Manifestations au Togo : l’opposition dénonce une réforme constitutionnelle controversée

Le calme apparent de Vogan, petite ville du sud du Togo située à une soixantaine de kilomètres de Lomé, a été rompu dimanche par le rassemblement de plusieurs centaines de citoyens. Leur objectif ? Exprimer leur rejet unanime de la Constitution adoptée en 2024, perçue comme un outil permettant au président Faure Gnassingbé de conserver indéfiniment les rênes du pays.

Un mouvement citoyen en pleine expansion

Cette mobilisation, orchestrée par le Cadre national de concertation pour le changement au Togo (CNCC), marque une nouvelle étape dans la contestation de l’opposition togolaise. Il s’agit du deuxième événement de ce type en trois mois, après une première démonstration de force organisée début mai. Ces rassemblements restent rares dans un pays où l’expression publique de mécontentement est souvent étouffée.

Les manifestants, unis sous des bannières aux messages percutants, ont scandé des slogans comme « Non au changement anticonstitutionnel du gouvernement » ou « Coup d’État constitutionnel ». Leur colère est dirigée contre une réforme qu’ils qualifient d’illégitime, mettant en lumière les vices d’un système politique qu’ils jugent verrouillé.

Des accusations de coup d’État constitutionnel

David Dosseh, porte-parole du Front citoyen Togo debout (FCTD), l’une des organisations à l’origine de ce mouvement, a vivement critiqué la nouvelle Constitution. Selon lui, « Il s’agit d’un coup d’État constitutionnel que les Togolais n’accepteront jamais ». Son discours reflète l’opinion d’une partie importante de la société civile et de l’opposition, qui dénoncent une manipulation des institutions pour servir les intérêts d’un seul homme.

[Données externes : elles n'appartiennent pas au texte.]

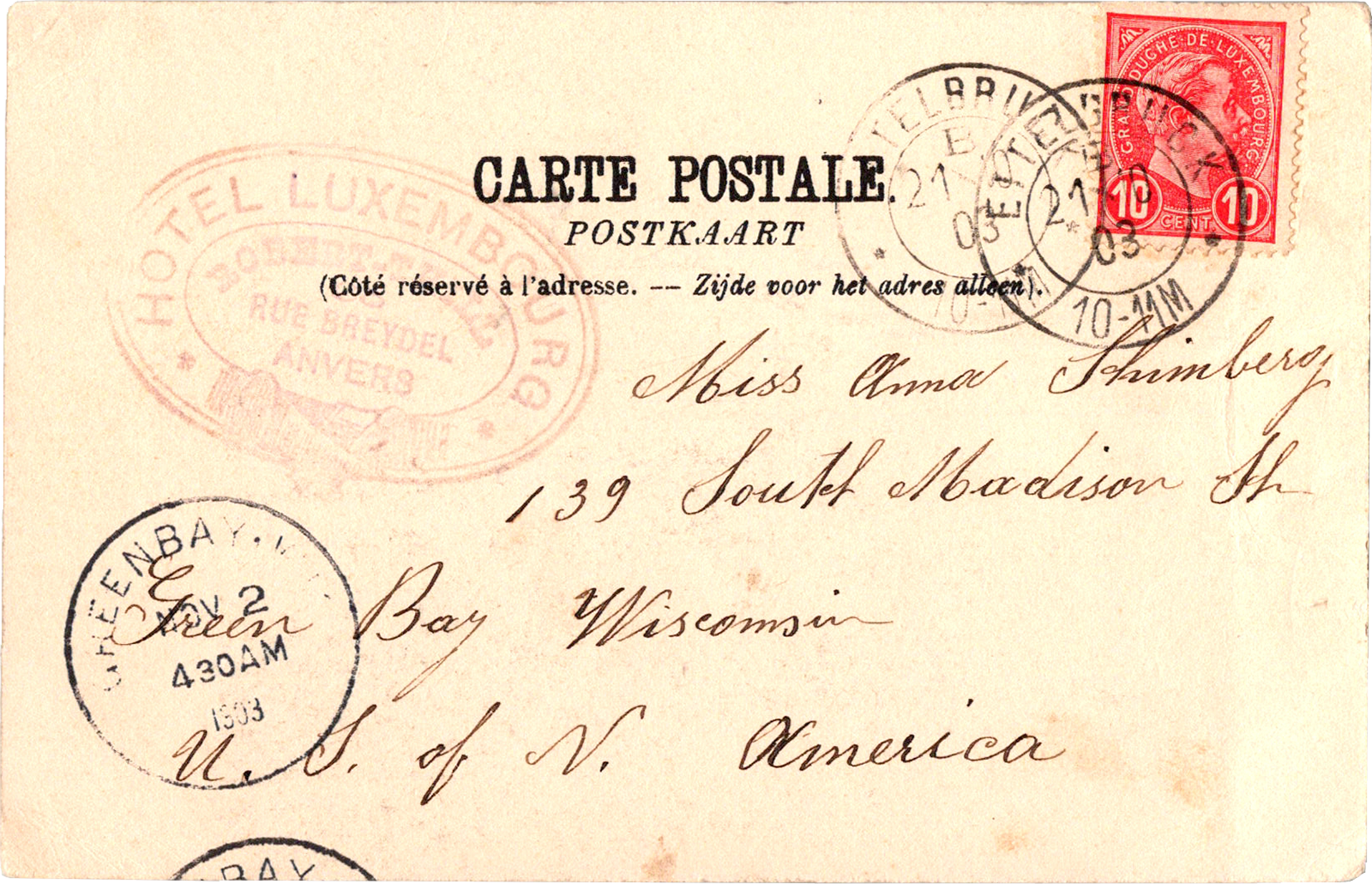 La Cathédrale, Anvers, Belgium Anvers. La Cathédrale. Dated: Oct 13 1903 From: Henry S. Schimberg To: Anna Schimberg

En effet, la réforme de 2024 a profondément transformé le paysage politique togolais. Elle a notamment mis fin à l’élection du chef de l’État au suffrage universel direct, remplaçant ce système par un régime parlementaire. Désormais, le président du Conseil, une nouvelle fonction exécutive, est occupé par Faure Gnassingbé, au pouvoir depuis 2005. Pour ses détracteurs, cette manœuvre vise clairement à pérenniser son mandat.

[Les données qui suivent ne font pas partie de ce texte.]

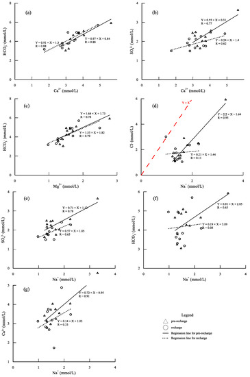 The correlation between anions and cations and changes of the correlation coefficient can be used to reasonably speculate geochemical processes such as rock–water interaction [,]. In accordance with the drilling core test results and previous studies, the aquifer contains calcite, dolomite, rock salt, gypsum, and mirabilite in the study area [,,,]. The scale relationship of the main ions is plotted (Figure 5), and the correlation coefficients between different ions for each group of water samples are obtained. The scatter plot of Ca2+ and HCO3− (Figure 5a) shows that the two groups of groundwater samples, pre-recharge (R = 0.88) and recharge (R = 0.88), are strongly correlated. These two groups of water samples may have experienced weathering and dissolution of calcite, and this hydrogeochemical process can be expressed as R1. The scatter plots for Ca2+ and SO42− (Figure 5b) exhibit well-correlated groundwater samples for the pre-recharge (R = 0.77) group. Weathering and dissolution of gypsum during the formation of groundwater in this group is a highly important hydrogeochemical process, and the reaction is expressed as R2. The scatter plot of Mg2+ and HCO3− (Figure 5c) demonstrates two well-correlated groups of groundwater samples, pre-recharge (R = 0.78) and recharge (R = 0.79). The sample may have undergone dolomite dissolution, and the expression for this reaction is R3. The scatter plot for Na+ and HCO3− (Figure 5f) shows that pre-recharge (R = 0.65) is slightly correlated, whereas the pre-recharge groundwater (R = 0.91) is well correlated between Ca2+ and Na+ (Figure 5g). The pre-recharge groundwater group experiences calcite dissolution and cation exchange. That is, Ca2+ in groundwater exchanges the adsorbed Na+ during rock formation. The correlation between Na+ and SO42− in the pre-recharge groundwater group (R = 0.78) is good (Figure 5e). The dissolution of mirabilite may affect the distribution of chemical elements in the pre-recharge groundwater group. The dissolution reaction equation for mirabilite is shown in R4. The pre-recharge groundwater group (R = 0.95) has strong correlations in the scatter plots for Na+ and Cl− (Figure 5d). The dissolution of salt rock also occurs in this group and is expressed as Equation R5.

Des tensions déjà meurtrières

La contestation ne date pas d’hier. Dès 2025, des manifestations avaient éclaté, entraînant des heurts violents. Selon les chiffres de la société civile, sept personnes ont perdu la vie, tandis que le parquet évoque cinq décès par noyade dans des circonstances troubles. Ces événements ont laissé des traces profondes dans la mémoire collective.

Face à ces accusations, le gouvernement togolais a trouvé un allié inattendu : la Cour de justice de la Communauté économique des États de l’Afrique de l’Ouest (CEDEAO). Dans un arrêt rendu le 29 janvier, celle-ci a qualifié la réforme de « changement anticonstitutionnel de gouvernement ». Une décision clairement rejetée par les autorités locales, qui estiment que la Cour a outrepassé ses prérogatives. Le gouvernement affirme que sa compétence se limite au respect des droits humains et du droit communautaire, sans pouvoir juger la constitutionnalité des lois internes.